GANDHI CUISINE OF INDIA

Food, family intertwined at 15-year-old restaurant

2013-07-04T00:00:00Z Food, family intertwined at 15-year-old restaurantGerald M. Gay Arizona Daily Star Arizona Daily Star
July 04, 2013 12:00 am  • 
  • Where: 150 W. Fort Lowell Road
  • Phone: 292-1738
  • Online: gandhicuisineofindia.com
  • Hours: 11 a.m.-10 p.m. daily.
  • History: Brothers Tarsem, Sadhu and Mukhtiar Singh opened Gandhi in the late 1990s. Today, Tarsem's son, Davinder, runs the restaurant with Tarsem as head chef.
  • Type of cuisine: Gandhi specializes in north Indian cuisine, which uses more curries and sauces in contrast to south India's drier, spicier selections. Prices range from $1.95-$2.25 for pakoras and samosas to $25.95 for full dinners for two.
  • Tastes from home: Davinder Singh's favorite dish at Gandhi is the Kesari Chops, roasted lamb chops served in a tomato cream sauce.
  • Bio: Food has always been intertwined in the American experience for members of the Singh family. 
    The clan's patriarchs, brothers Tarsem, Sadhu and Mukhtiar Singh have carved out a solid footing in Tucson's culinary landscape.

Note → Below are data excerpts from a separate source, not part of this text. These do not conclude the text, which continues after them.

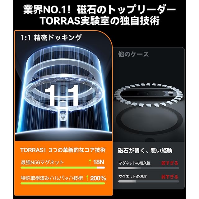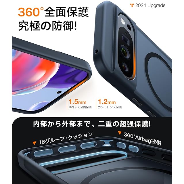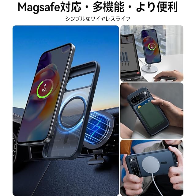 【磁石高耐久進化!吸力を60%向上!】このPixel 9pro XLケースは、特許の磁石技術を採用しており、スマホの磁気リングと完璧に結合し、磁力を大幅に向上させています。また、この磁石技術は耐久性が高く、磁力も強いため、Pixel 9pro XLをしっかりと保持することができます。さらに、模倣できない磁石配置技術も採用しており、通常の磁石吸着ケースでの磁石の脱落問題を解決しています!対応機種:Google Pixel 9pro XL用
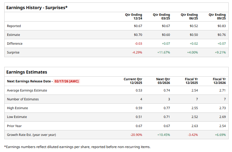 The utility company is set to announce its fiscal Q4 2025 earnings results after the market closes on Wednesday, Feb. 17. Ahead of this event, analysts expect FirstEnergy to report an adjusted EPS of $0.53, down 20.9% from $0.67 in the year‑ago quarter. It has exceeded Wall Street's earnings expectations in three of the past four quarters while missing on another occasion.
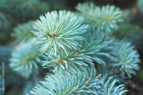 Fluffy green pine branch close-up.
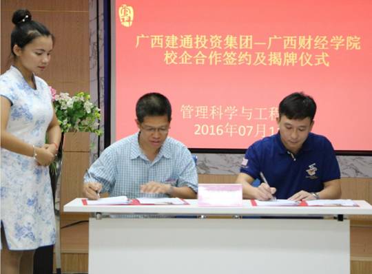 2016年7月11日,广西三亿网页版集团-广西财经学院校企合作签约及揭牌仪式在广西财经学院隆重举行。集团邓安杰董事长带领集团高层及监理公司、检测公司代表,广西财经学院总会计师宁旭初带领的招就处、管理学院领导班子成员及师生代表出席了签约及揭牌仪式。仪式由管理科学与工程学院工程造价系主任梁华主持,宁旭初总会计师、邓安杰董事长分别作了热情洋溢的发言。
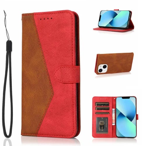 Estuche para Teléfono iPhone 14 Cuero Costuras de Dos Colores (Marrón Rojo)

    Davinder, Tarsem, his wife and sister-in-law run Gandhi Cuisine of India, which Tarsem opened with his siblings in the late 1990s.
    Sadhu and Mukhtiar run a second restaurant, Flavor of India, in Oro Valley.
    All three have been cooking in the United States for decades.
    The family comes from a small village in the state of Punjab in India where they still own a farm that grows lentils, corn and other crops year round.
    Sadhu, the oldest of the three brothers, moved to the United States more than four decades ago, the first from his village to do so.
    Over the years, he and his siblings have cooked at restaurants throughout Arizona and California.
    Sadhu put in more than two decades at San Francisco's famed Gaylord India Restaurant.
    "They've worked very hard," said Davinder, 29.
    Davinder was 10 years old when his father, who was already living in the United States, sponsored him and the rest of his family to come over.
    "It was hard for me," Davinder said. "I didn't know the language. It took me three years to learn English."
    Davinder went on to graduate from Amphitheater High School and the University of Arizona, where he earned a degree in business management. He has managed Gandhi since 2005.
    For Davinder, the hours are tough. When he has kids, he isn't sure he wants them to take on the family business.
    But it works for him.
    "I like talking with the customers, getting to know them," he said. "I like finding out if they are happy with their meals. I want them to be happy."